After much hesitation, the government reached an extended fund facility for $4.2 billion with the IMF, which according to President Moreno´s statement, will open the door to $6.0 billion from the World Bank, the IDB, CAF, the European Investment Bank, FLAR and the French Development Agency. This is less than half of what Ecuador could receive from the IMF, which is close to $11b, and we are waiting to hear from the aforementioned institutions on their conditions for providing this financing.
The $4.2b will be disbursed in three years and will help stabilize the international reserves and liquidity protecting dollarization. Although the conditions have not been made public, and the agreement must still be approved by the IMF authorities, it is expected that it will contemplate short-term adjustments as well as longer-term structural changes.
Ecuador has not fully honored 13 of the 18 agreements signed in the past. Even though the fiscal goals were mostly achieved, governments failed to honor commitments on structural reforms.

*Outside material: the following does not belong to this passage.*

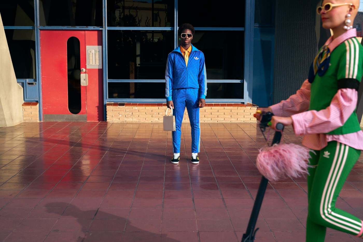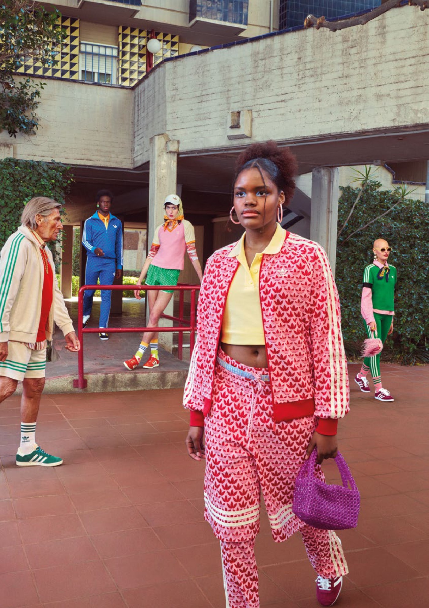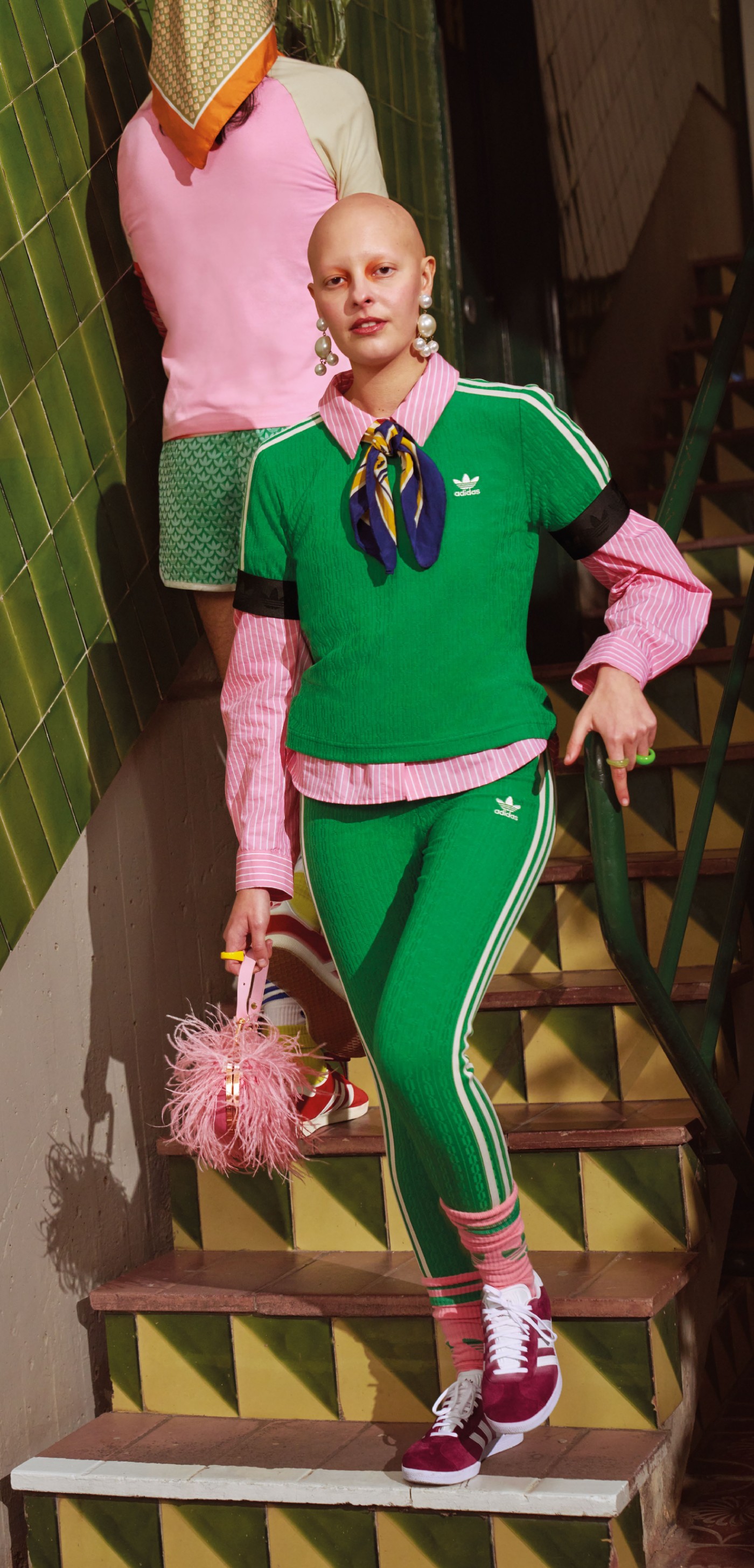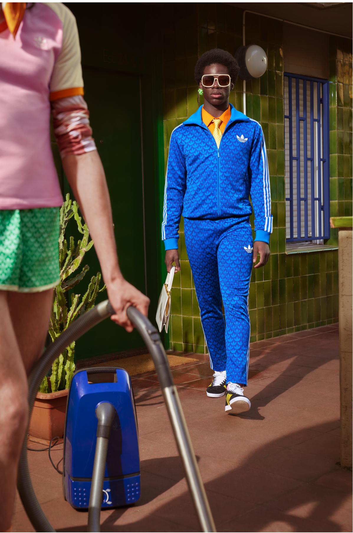 配色方面以蓝、绿、粉等高饱和度颜色作为调色盘,结合标志性的三叶草标志与三条纹细节,在生机焕发的春夏季带来更多亮眼且具有活力的搭配选择。

The productive sector, as well as many Ecuadorians have demanded stronger, deeper and clearer action in the economic arena from Moreno and received this agreement with relief. But the president will have to face unions and leftist social groups that have already announced their intention to protest. We hope that Moreno exercises the necessary leadership to reach an ample consensus to carry out adjustments that are difficult and will be painful for the present generation – not an easy task when his level of support reaches just 35%.
This week Moreno also announced that an international “commission against corruption” will come to Ecuador to assess, question, resolve and support investigations and bring to justice the largest cases of corruption involving top authorities from the past government. The announcement was made just when a journalist’s research revealed that Moreno´s brother has a company in Belize, one of the so-called “tax haven” countries.

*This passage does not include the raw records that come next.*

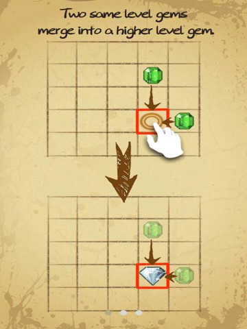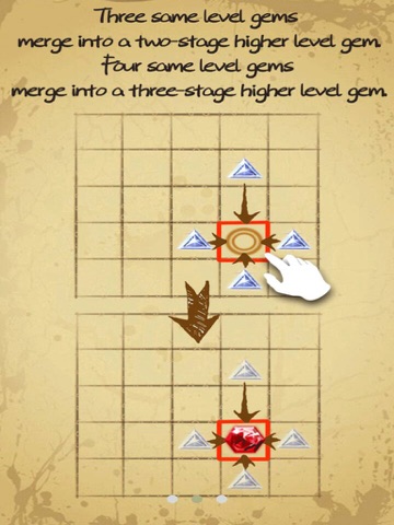 ●Tap one blank space on the board, gems from the above, below, left or right will move to the place you tap and merge into a higher-level grade gem, unless there are other grade gems block on the way.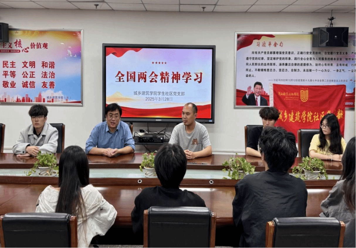为深入学习习近平总书记在全国两会期间的重要讲话精神和全国两会精神,城乡建筑学院学生社区党支部于3月28日召开了“全国两会精神学习”主题座谈会,党委副书记何煊强老师、团委书记邱志国老师和2023级两委主席团成员参加。通过交流学习,同学们纷纷表示更深刻理解了中国式现代化对教育、科技和人才的需求。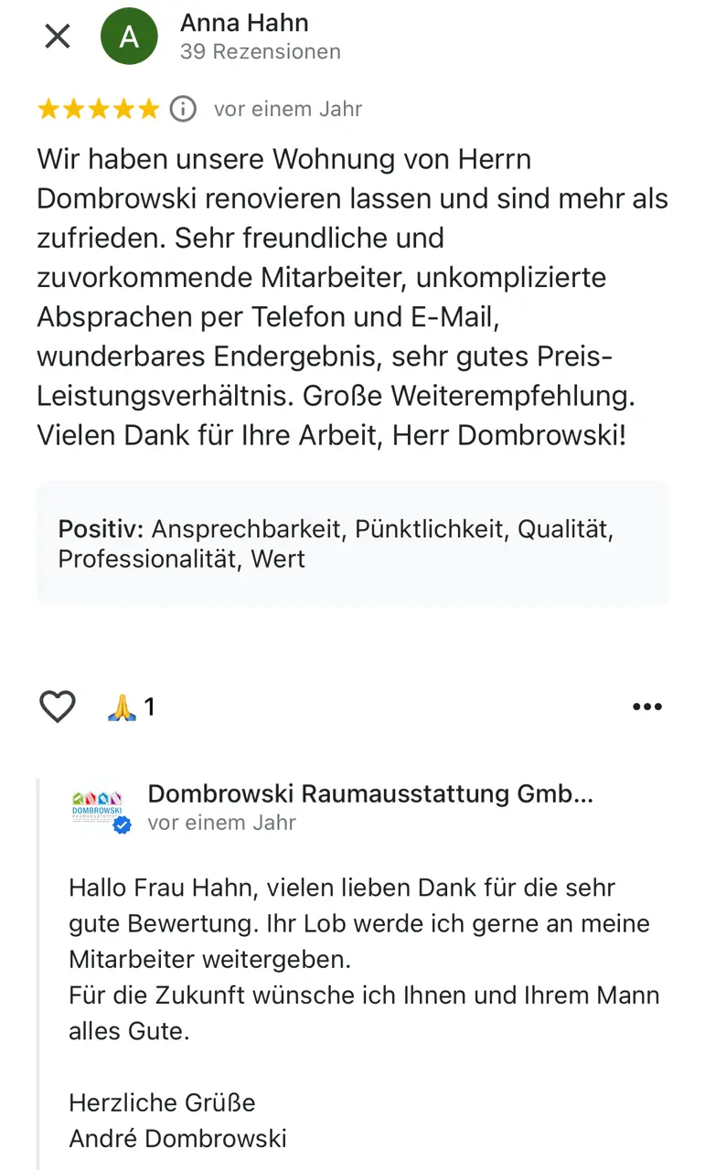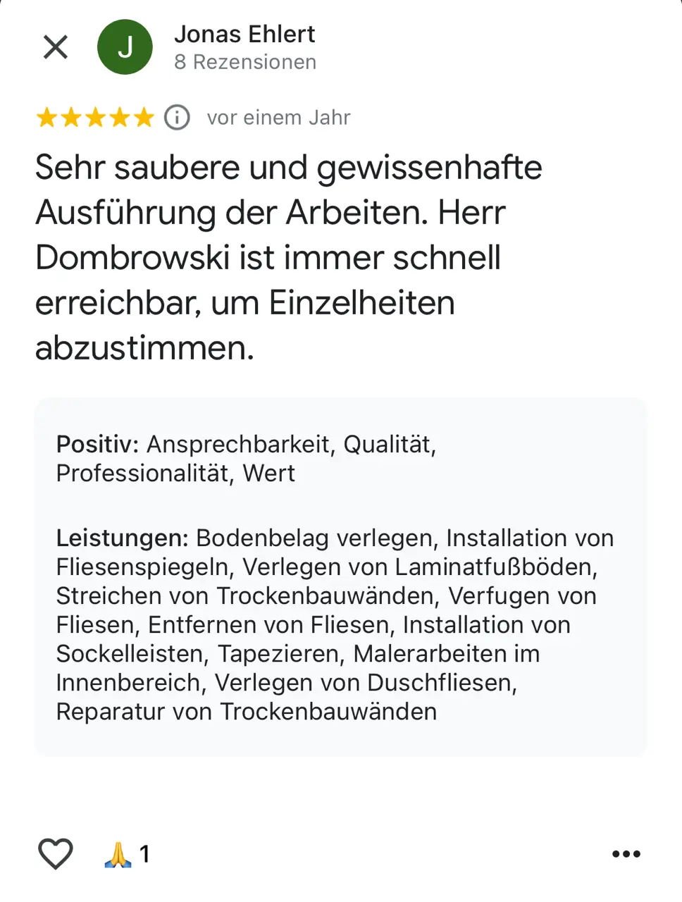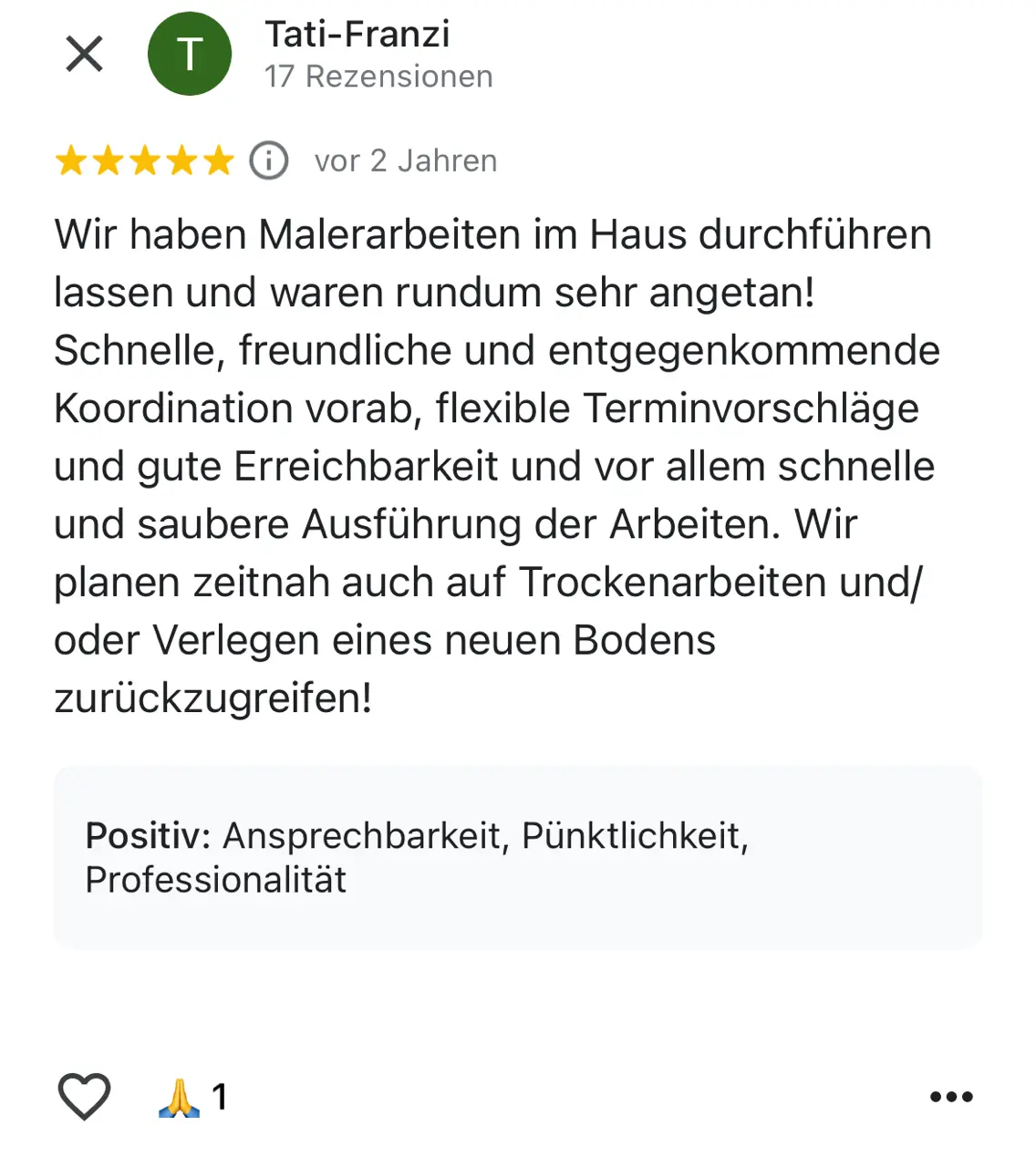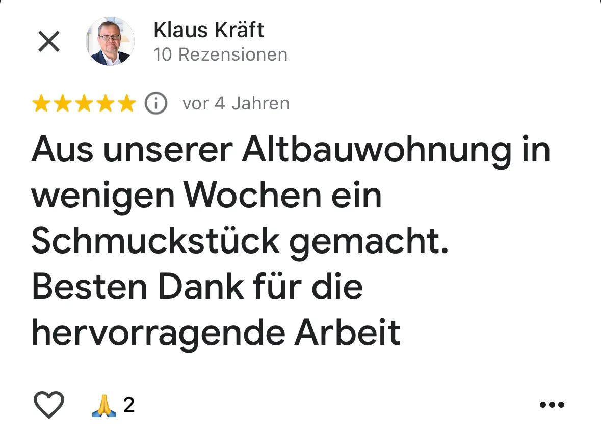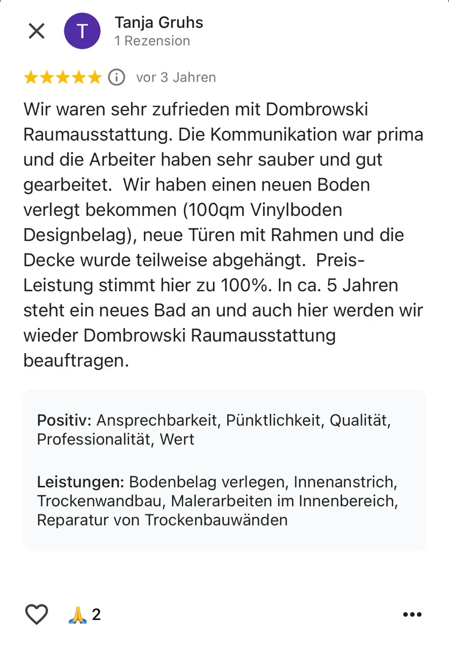 Zahlreiche Weiterempfehlungen bezeugen die herausragende Preis-Leistung insbesondere im Innenausbau & Trockenbau.

Local government elections will take place on March 24. The campaigns have picked up over the last two weeks but the general pessimism affecting Ecuadorians has not dissipated – instead it has increased because of the ridiculous number of candidates. In fact, there are 77,000 candidates, who massively promise to eradicate corruption from the public sector.
Polls have not been widely published but we will be attentive to the results of List 5, which is the list supported by Correa, as there are rumors that the lower classes, tired of the government’s inaction in improving economic conditions, are starting to miss the charismatic Correa.